Open kevinschaper opened 11 months ago
We should probably use a label like Expression or ExpressionSite (or even Anatomy/CC?) to match that we have both anatomical ontology terms and GO cellular component terms.
Moni is going to nicely state that this is what the data is.
Can we create a link to the Ontology to file an issue?
Responded and filed https://github.com/geneontology/helpdesk/issues/459
I don't think there is a GO issue here. The GO GAF says part_of
for the relationship between SGD genes and complexes
e.g
SGD S000000973 RAD3 part_of GO:0000112 PMID:8855246 IDA C 5' to 3' DNA helicase YER171W|REM1|TFIIH/NER complex ATP-dependent 5'-3' DNA helicase subunit RAD3 protein taxon:559292 20100601 SGD UniProtKB:P06839
This is what it looks like in the Alliance SGD expression file:
{
"assay": "MMO:0000642",
"dateAssigned": "2010-06-01T00:06:00-00:00",
"evidence": {
"crossReference": {
"id": "SGD:S000044877",
"pages": [
"reference"
]
},
"publicationId": "PMID:8855246"
},
"geneId": "SGD:S000000973",
"whenExpressed": {
"stageName": "N/A"
},
"whereExpressed": {
"cellularComponentTermId": "GO:0000112",
"whereExpressedStatement": "nucleotide-excision repair factor 3 complex"
}
},
I'm not sure if the problem is that this format is lossy (like, we want to express this as a post-composition of whole organism and GO:0000112) or if this is information that we want from the GO annotation ingest and we just want to exclude it from our Alliance expression ingest. (Is getting gene expression from SGD is redundant with getting GO:CC Annotations?)
Thanks for the clarification. We have changed the top level in GO a few years ago, to clearly separate protein-containing complexes:
So, your script should not apply an expression annotation for children of protein-containing complex, but only for cellular anatomical entity (and virion component but I dont think this is relevant for Alliance).
Thanks, Pascale
I think some follow up with the Alliance Expression Working Group would be good, so what they export in the Alliance Expression JSON and TSV is in alignment with how these various resources, e.g. Alliance, GO, Monarch, are thinking about expression data.
One proposal that the Expression Working Group is considering is to update the Alliance expression LinkML model to have more explicit gene product-to-term relations, as GO does in the GAF and GPAD files. This seems to me a better long-term solution so that anyone who ingests the Alliance expression files would also always have the correct relations available to display as needed.
Tagging @draciti
Hello, Just confirming that there is an ongoing discussion to add relationships in the Alliance expression LinkML model. Once there is an update, I will post it here.

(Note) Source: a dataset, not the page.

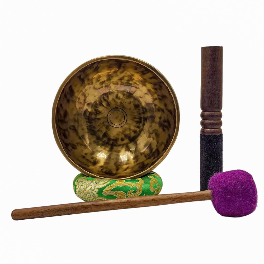 The Jambati Singing Bowl you are purchasing includes a cushion, a wooden playing mallet, and a felt-hitting mallet for playing the bowl. If you require additional accessories, you can browse the options above and purchase them separately. Should you have any further questions or need assistance, please don't hesitate to let us know. Read More

Update: We will include GO relationships in the Alliance expression LinkML model for subcellular localization. (Discussed on Dec 18th, 2023, Alliance Expression WG).
@kevinschaper 👀 👆 - FYI.
Anatomy associations are misleading. These include GO annotations. For example, S. cerevisiae has expressed in nucleotide-excision repair factor 3 complex Which seems strange? (it's part_of, not an expression location)
Corey Cox - This sounds like an ontology problem not a Monarch problem? Should we be trying to manage this somehow?